In my app, I am querying the table with a given date range and I receive rows where at least one day of the tables date range fits into the provided date range:

SELECT *
FROM `presences`
WHERE DATE(start) <= '2022-04-06' AND DATE(end) >= '2022-04-04'

Is there a way to split the resulting rows date range?

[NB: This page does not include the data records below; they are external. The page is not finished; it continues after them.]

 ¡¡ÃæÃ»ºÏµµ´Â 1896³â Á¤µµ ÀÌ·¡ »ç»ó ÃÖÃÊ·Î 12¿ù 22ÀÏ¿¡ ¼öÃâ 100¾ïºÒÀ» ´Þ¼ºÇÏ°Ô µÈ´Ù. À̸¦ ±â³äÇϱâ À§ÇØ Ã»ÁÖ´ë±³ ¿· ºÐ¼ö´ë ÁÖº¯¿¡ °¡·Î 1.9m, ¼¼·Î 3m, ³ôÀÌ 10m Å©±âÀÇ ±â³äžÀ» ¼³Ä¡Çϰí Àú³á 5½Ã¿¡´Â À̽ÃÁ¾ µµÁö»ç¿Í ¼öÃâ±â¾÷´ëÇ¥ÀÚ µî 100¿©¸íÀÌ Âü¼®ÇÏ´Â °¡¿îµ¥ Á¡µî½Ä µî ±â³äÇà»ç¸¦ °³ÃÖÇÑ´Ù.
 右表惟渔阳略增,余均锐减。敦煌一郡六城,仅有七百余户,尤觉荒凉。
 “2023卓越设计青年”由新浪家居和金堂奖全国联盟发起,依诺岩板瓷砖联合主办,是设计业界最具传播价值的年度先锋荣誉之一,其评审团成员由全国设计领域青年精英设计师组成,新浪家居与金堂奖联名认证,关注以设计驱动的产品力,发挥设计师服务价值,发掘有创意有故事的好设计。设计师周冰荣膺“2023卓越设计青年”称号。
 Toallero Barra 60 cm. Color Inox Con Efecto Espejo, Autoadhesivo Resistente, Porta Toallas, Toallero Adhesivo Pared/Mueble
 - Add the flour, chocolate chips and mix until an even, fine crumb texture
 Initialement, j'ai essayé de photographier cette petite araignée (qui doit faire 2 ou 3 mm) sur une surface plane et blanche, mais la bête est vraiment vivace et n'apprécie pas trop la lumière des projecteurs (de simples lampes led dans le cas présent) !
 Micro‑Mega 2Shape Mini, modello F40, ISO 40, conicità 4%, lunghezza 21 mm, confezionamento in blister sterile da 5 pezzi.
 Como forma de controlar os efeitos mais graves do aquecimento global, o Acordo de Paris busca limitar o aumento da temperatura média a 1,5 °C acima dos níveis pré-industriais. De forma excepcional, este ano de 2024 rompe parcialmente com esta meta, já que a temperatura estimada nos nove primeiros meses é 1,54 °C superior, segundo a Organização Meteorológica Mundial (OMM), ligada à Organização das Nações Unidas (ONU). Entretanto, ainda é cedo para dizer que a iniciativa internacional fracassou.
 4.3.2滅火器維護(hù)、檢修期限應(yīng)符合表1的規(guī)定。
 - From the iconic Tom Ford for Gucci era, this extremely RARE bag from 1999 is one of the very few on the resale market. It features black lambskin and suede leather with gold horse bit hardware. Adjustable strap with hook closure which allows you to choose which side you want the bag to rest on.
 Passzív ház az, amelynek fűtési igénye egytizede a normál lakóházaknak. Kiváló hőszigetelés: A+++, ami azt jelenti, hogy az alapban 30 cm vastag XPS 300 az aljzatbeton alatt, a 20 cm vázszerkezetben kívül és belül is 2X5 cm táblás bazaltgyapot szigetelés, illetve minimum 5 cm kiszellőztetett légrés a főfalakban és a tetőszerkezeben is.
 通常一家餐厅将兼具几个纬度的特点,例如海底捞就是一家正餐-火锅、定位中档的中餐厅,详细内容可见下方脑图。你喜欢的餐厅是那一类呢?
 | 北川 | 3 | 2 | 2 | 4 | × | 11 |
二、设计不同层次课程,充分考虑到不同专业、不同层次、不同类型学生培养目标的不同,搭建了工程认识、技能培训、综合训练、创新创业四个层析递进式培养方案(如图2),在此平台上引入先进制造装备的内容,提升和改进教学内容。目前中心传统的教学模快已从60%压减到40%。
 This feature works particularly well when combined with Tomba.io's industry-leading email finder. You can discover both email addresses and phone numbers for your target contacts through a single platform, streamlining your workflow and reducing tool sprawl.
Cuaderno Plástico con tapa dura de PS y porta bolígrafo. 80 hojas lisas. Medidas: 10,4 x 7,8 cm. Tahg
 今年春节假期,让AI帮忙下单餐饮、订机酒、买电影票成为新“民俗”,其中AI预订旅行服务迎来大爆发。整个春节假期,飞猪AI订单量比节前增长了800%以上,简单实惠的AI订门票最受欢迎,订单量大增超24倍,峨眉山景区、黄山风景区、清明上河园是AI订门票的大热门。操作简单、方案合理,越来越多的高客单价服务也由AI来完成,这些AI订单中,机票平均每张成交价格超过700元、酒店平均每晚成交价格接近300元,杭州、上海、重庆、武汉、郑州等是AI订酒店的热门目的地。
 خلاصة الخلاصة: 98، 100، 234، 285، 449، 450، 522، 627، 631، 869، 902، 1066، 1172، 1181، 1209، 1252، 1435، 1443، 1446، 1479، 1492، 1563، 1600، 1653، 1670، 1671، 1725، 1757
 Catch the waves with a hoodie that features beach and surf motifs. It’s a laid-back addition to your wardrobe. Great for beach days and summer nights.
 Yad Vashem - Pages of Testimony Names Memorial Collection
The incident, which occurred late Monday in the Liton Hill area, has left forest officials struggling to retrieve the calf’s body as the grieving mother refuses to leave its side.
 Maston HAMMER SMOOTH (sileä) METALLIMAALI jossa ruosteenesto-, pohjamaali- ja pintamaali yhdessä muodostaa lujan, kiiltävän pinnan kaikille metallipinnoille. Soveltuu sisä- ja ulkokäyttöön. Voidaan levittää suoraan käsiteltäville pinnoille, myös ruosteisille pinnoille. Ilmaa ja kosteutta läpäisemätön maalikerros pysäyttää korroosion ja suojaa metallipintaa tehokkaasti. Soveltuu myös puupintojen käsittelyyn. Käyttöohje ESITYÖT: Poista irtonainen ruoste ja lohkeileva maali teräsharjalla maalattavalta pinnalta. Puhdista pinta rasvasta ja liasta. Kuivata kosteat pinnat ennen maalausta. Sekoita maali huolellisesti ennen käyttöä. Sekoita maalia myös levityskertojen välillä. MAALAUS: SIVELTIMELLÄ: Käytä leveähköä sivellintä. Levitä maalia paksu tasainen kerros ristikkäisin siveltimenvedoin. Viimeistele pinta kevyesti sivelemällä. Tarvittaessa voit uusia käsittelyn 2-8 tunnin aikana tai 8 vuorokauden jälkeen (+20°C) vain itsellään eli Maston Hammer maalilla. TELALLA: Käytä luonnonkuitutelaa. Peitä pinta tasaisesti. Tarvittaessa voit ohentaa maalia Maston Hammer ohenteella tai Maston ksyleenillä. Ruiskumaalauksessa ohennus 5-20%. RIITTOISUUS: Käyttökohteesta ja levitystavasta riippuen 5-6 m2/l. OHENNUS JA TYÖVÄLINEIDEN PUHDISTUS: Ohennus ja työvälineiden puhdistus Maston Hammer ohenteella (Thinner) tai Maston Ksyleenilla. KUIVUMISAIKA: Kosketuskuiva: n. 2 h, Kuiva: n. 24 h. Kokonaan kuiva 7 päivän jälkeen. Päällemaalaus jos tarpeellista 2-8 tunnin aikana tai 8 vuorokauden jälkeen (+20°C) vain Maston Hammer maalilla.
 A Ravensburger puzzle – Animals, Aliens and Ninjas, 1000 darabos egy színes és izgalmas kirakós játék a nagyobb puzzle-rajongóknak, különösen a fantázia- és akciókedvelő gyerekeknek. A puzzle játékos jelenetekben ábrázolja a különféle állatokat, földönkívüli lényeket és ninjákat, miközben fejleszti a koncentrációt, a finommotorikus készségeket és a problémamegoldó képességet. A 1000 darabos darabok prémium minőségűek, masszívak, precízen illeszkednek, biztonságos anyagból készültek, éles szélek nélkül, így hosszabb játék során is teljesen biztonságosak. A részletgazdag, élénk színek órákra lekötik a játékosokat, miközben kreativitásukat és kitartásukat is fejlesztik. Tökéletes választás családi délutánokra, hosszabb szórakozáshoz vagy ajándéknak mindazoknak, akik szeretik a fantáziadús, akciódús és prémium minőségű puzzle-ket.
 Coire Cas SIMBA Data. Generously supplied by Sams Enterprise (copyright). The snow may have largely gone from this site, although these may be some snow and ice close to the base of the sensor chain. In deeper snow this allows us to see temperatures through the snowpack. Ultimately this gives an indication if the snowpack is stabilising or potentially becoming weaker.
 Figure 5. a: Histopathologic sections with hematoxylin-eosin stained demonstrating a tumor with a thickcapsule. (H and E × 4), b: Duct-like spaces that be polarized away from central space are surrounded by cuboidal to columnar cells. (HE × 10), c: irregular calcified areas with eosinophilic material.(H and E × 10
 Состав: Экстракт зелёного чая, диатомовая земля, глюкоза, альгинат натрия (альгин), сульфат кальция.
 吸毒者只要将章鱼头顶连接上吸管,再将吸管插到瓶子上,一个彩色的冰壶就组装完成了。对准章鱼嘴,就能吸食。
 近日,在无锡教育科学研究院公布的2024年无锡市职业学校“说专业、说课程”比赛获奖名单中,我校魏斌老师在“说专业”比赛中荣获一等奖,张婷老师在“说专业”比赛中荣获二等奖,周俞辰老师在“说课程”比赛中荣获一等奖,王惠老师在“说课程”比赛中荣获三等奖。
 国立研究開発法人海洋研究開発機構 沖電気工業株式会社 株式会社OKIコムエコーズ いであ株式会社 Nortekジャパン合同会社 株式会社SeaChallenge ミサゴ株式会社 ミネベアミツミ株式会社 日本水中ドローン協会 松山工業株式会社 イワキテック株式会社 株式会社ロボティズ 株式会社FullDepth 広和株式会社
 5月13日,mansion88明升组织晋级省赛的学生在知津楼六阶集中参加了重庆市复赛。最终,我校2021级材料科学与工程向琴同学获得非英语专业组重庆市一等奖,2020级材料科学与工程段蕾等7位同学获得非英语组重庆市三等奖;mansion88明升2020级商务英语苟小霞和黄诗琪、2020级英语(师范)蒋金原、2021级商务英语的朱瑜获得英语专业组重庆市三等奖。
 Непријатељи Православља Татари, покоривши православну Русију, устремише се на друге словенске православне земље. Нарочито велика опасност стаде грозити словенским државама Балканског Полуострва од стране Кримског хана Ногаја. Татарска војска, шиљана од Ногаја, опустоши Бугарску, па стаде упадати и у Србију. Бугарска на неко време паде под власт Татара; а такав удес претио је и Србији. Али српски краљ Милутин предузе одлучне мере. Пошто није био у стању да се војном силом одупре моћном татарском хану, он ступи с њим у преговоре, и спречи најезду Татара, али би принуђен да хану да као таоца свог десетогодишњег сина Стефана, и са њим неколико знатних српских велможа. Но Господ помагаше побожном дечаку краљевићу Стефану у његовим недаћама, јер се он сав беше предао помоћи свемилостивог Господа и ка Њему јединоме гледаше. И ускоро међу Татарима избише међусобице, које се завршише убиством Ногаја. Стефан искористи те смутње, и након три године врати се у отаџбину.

E.g. the provide range is 2022-04-04 to 2022-04-06 and a resulting row has a date range 2022-01-01 to 2022-12-31. The range of the result that fits in provide date range is 2022-04-04 to 2022-04-06, thus I want to split that range in a way, that there is not one resulting row, but one row per date in range like:

id | employee | location |    date
--------------------------------------
 4 |     1    |     1    | 2022-04-04 
 4 |     1    |     1    | 2022-04-05
 4 |     1    |     1    | 2022-04-06

If the provided range is 2022-04-01 to 2022-04-06 and my resulting row is 2022-04-05 to 2022-04-06, I want to see

id | employee | location |    date
--------------------------------------
 X |     Y    |     Z    | 2022-04-05
 X |     Y    |     Z    | 2022-04-06

Fiddle: http://sqlfiddle.com/#!9/0d4e64/1

Note that adding a link to a live example *in addition* to having code in the question is welcomed, but all relevant code should at least be posted in the question itself. For one thing, external sites may be down (as is the case as I post this comment). — outis, Mar 20 '22 at 10:24
Questions should include both desired results and actual results (if any). Please read "[ask]" for more. — outis, Mar 20 '22 at 10:28
sample of original data and expected results would help! Your fiddler has two date columns (start, end)... the sample you show above has one column. You need to edit and revise to make it more clearer. — nazim, Mar 20 '22 at 10:38
Wow my question woke up the entire stack overflow police lol Anyhow thank you for your feedback. I rephrased the entire question and hope that depicts more clearly where I need help and makes answering much more efficient. — PeterPan, Mar 20 '22 at 11:35
@PeterPan - Heh, always nice to see someone being a good sport about folks trying to help (and actually providing the requested info!) :-) To answer your question, assuming you're using MySQL 8.x, you could use a CTE, but creating a permanent calendar table is a better way to go here. Tbh, there's tons of examples of this on S.O. you can adapt, but here's a quick demo using your tables https://dbfiddle.uk/?rdbms=mysql_8.0&fiddle=5587487563e9f598a7084b75325b03ee — SOS, Mar 20 '22 at 19:30
... it's probably not exactly what you want, but gives you something to work with — SOS, Mar 20 '22 at 19:56
Note that there are two questions here: how to generating dates and how to combine those dates with the results. The former is already asked & answered: "[Generate days from date range sql](https://stackoverflow.com/q/510012/90527)", "[generate days from date range](https://stackoverflow.com/q/2157282/90527)". This question should be narrowed in focus. — outis, Mar 20 '22 at 22:36
Thank you. I don't get the point of that calendar table. As I understand, this is a table that holds almost any date. Is this just to have all date related information like `isWeekend`, `isHolidy`, `dayName` and stuff? And... How do I keep this calendar up-to-date? Do I add the next three years for example and with an event scheduler all the remaining days with the time going by? — PeterPan, Apr 03 '22 at 19:32

outis · Accepted Answer · 2022-03-20T23:36:32.177

With a suitable source of dates (as given by answers to "Get a list of dates between two dates" or generate days from date range), the dates can be filtered based on the query date range (e.g. '2022-04-04' and '2022-04-06') and joined to the rows in the results. Each date can be joined to each row; to limit these to dates in the interval (start, end) for each result row from presences, simply join between the start & end timestamps:

SET @after := '2022-04-04',
    @before := '2022-04-06';

SELECT *
  FROM `presences` AS p
    JOIN (SELECT * FROM `days` WHERE `day` BETWEEN @after AND @before)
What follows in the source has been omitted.